Department of Cardiology and Center for Cardiological Innovation, Oslo University Hospital, Rikshospitalet, Oslo, Norway; University of Oslo, Oslo, Norway.
Department of Cardiology and Center for Cardiological Innovation, Oslo University Hospital, Rikshospitalet, Oslo, Norway; University of Oslo, Oslo, Norway; Institute for Surgical Research, Oslo University Hospital, Rikshospitalet, Oslo, Norway.
JACC Cardiovasc Imaging. 2017 May;10(5):503-513. doi: 10.1016/j.jcmg.2016.06.011. Epub 2016 Oct 19.
The aim of this study was to investigate early markers of arrhythmic events (AEs) and improve risk stratification in early arrhythmogenic right ventricular cardiomyopathy (ARVC).
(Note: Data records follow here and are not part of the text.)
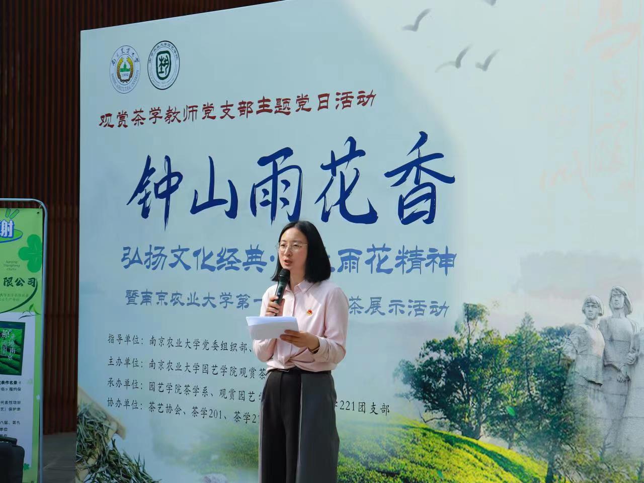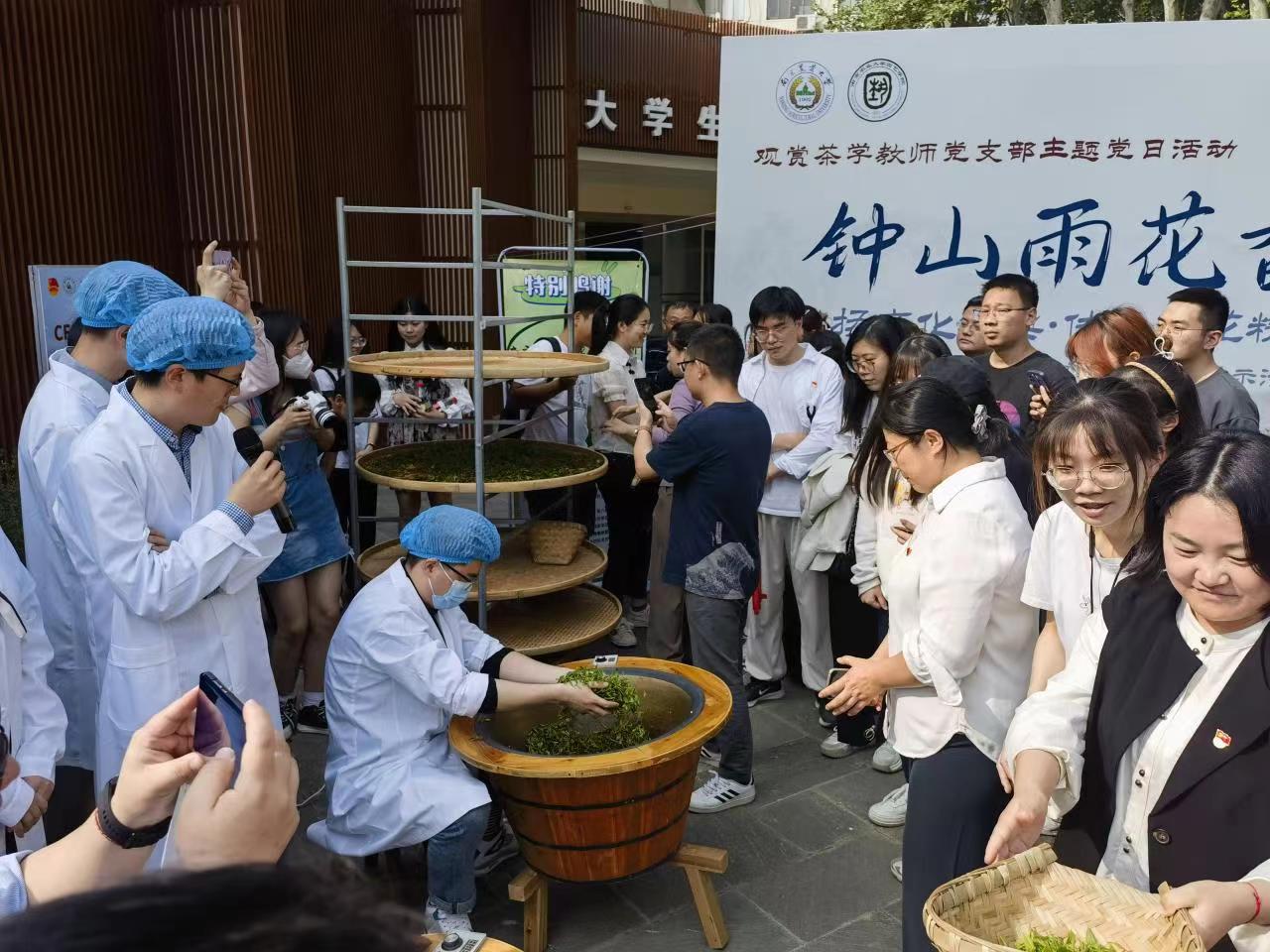 第一届手工制茶展示活动。活动涵盖传统雨花茶制茶技艺展示、手工制茶体验、深加工产品展示和茶文化知识科普竞答四个部分。校党委副书记刘营军出席活动,学工处、校团委、园艺院相关负责同志,江苏省教育厅电化教育馆相关工作人员,观赏茶学教师党支部党员教师、观赏园艺学硕党支部和茶学专业团支部同学参加。
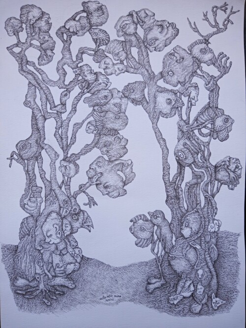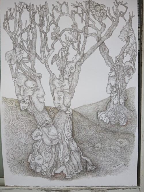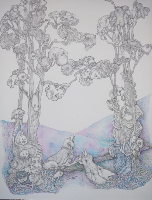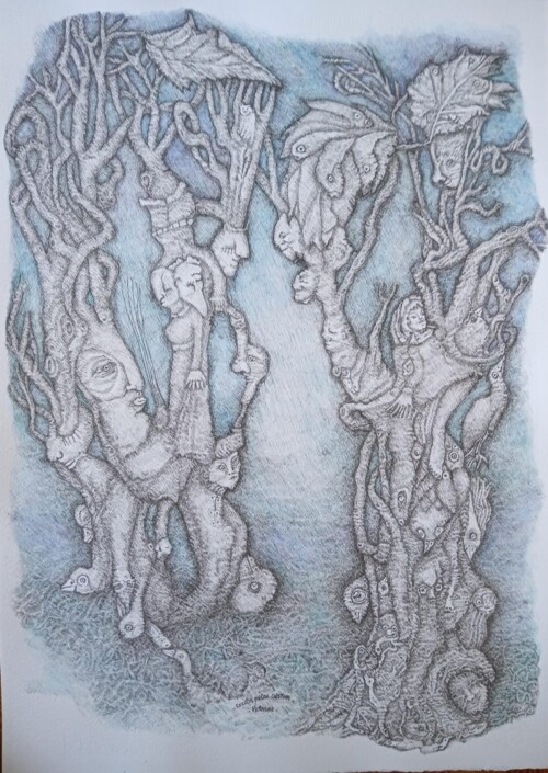 Mis obras proponen un territorio liminal entre lo humano, lo animal y lo vegetal, donde las formas del bosque se transforman en cuerpos y rostros que habitan la corteza de los
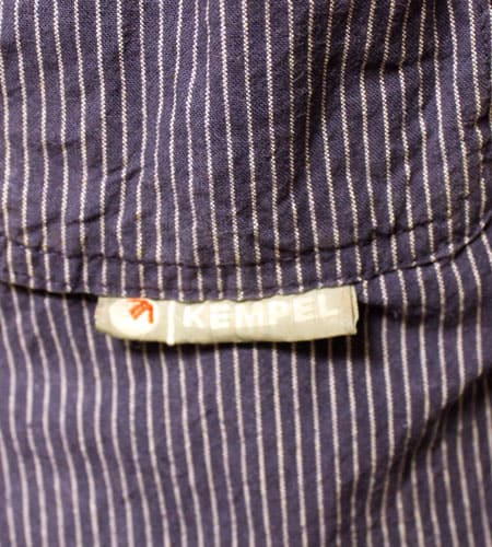 着丈72cm、身幅52cm。サイズM。カラーはインディゴブルー。80年代、ドイツ製、ストライプのケンペルのプルオーバーシャツです。フィッシャーマンシャツとワークシャツを組み合わせたような大変面白いデザインです。ドイツが誇るワークブランドだけあって流石と言わざるを得ない一枚です!
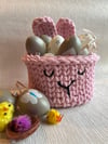 - Pink Bunny Basket – Featuring cute floppy ears and a sweet bunny face, this soft pink basket is a delightful Easter treat.
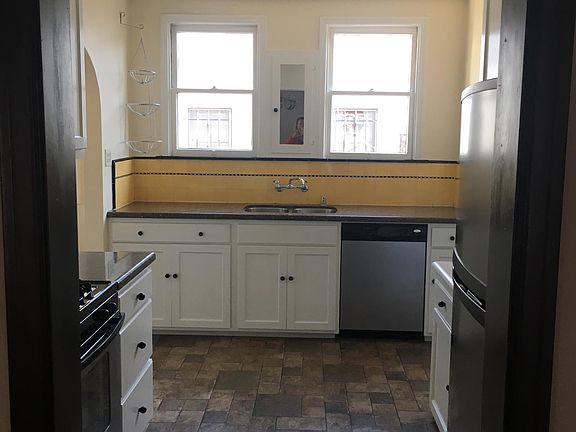 If you are looking for a character home to rent with charm you've found it. This is one of the few original 1932 homes left in West Los Angeles. This charming house has been lovingly maintained with it's original doors and fixtures in tact. A beautiful porch entrance welcomes you into a quaint entryway. Off of the entryway is a large living room and fireplace with a large picture window overlooking the one block on Bentley Avenue between La Grange and Missouri with single family homes. Off of the living room is a spacious dining room with 2 windows. There are two bedrooms with windows, and closets at the end of a short hallway that has linen closet. The large bathroom has original tile work, bathtub, a separate shower and a vintage 1930's style vanity. Off of the dining room is a fully appointed kitchen with upgraded granite countertops and spacious cabinets that leads to a service porch with a washer and dryer and storage closet. There is also a cozy breakfast nook off of the kitchen at the front of the house. A driveway leads to a two car garage in a beautifully well-maintained private backyard.
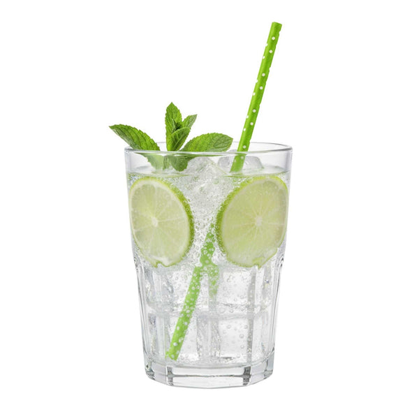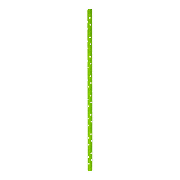 LIME GREEN PAPER STRAW - POLKA DOTS, BIODEGRADABLE, 6MM

AEs are frequent in patients with ARVC, but risk stratification in subjects with early ARVC is challenging.
Early ARVC disease was defined as possible or borderline ARVC diagnosis according to the ARVC Task Force Criteria 2010. We performed resting and signal averaged electrocardiogram (ECG). Using echocardiography, we assessed right ventricular (RV) outflow tract diameter and right ventricular basal diameter (RV diameter). Global longitudinal strain and mechanical dispersion (MD) from strain echocardiography were assessed in both the right and left ventricle. AEs were defined as documented ventricular tachycardia, cardiac syncope, or aborted cardiac arrest.
Of 162 included subjects with ARVC (41 ± 16 years of age, 47% female), 73 had early ARVC, including mutation positive family members not fulfilling definite ARVC diagnosis. AEs occurred in 15 (21%) subjects with early ARVC. Those with AEs in early disease had larger RV diameter (40 ± 4 mm vs. 37 ± 5 mm), more pronounced RVMD (39 ± 15 ms vs. 26 ± 11 ms), and more pathological signal averaged ECGs compared with those without AEs (all p ≤ 0.05). Adding measurements of RV diameter and RVMD to electrical parameters improved identification of subjects with AEs compared with electrical parameters alone (p = 0.05).
ECG parameters, RV diameter, and RVMD were markers of previous arrhythmic events in patients with early ARVC. A combination of electrical and echocardiographic parameters improved identification of subjects with AEs in early ARVC disease.
本研究旨在探讨心律失常事件(AEs)的早期标志物,改善早期致心律失常性右心室心肌病(ARVC)的风险分层。
ARVC 患者常发生 AEs,但早期 ARVC 患者的风险分层具有挑战性。
早期 ARVC 疾病定义为根据 2010 年 ARVC 工作组标准可能或边界性 ARVC 诊断。我们进行了静息和信号平均心电图(ECG)检查。使用超声心动图评估右心室(RV)流出道直径和右心室基底直径(RV 直径)。评估应变超声心动图的右心室和左心室整体纵向应变和机械弥散(MD)。AEs 定义为有记录的室性心动过速、心脏性晕厥或心脏骤停中止。
在 162 名 ARVC 患者(年龄 41 ± 16 岁,47%为女性)中,73 名患有早期 ARVC,包括不符合明确 ARVC 诊断的阳性突变家族成员。15 名(21%)早期疾病患者发生 AEs。与无 AEs 患者相比,早期疾病中发生 AEs 的患者 RV 直径更大(40 ± 4mm 比 37 ± 5mm),RVMD 更明显(39 ± 15ms 比 26 ± 11ms),且心电图异常信号更多(均 p ≤ 0.05)。与单独电参数相比,将 RV 直径和 RVMD 测量值加入电参数可更好地识别发生 AEs 的患者(p = 0.05)。
心电图参数、RV 直径和 RVMD 是早期 ARVC 患者发生心律失常事件的标志物。电参数和超声心动图参数的结合可提高早期 ARVC 疾病中发生 AEs 的患者的识别能力。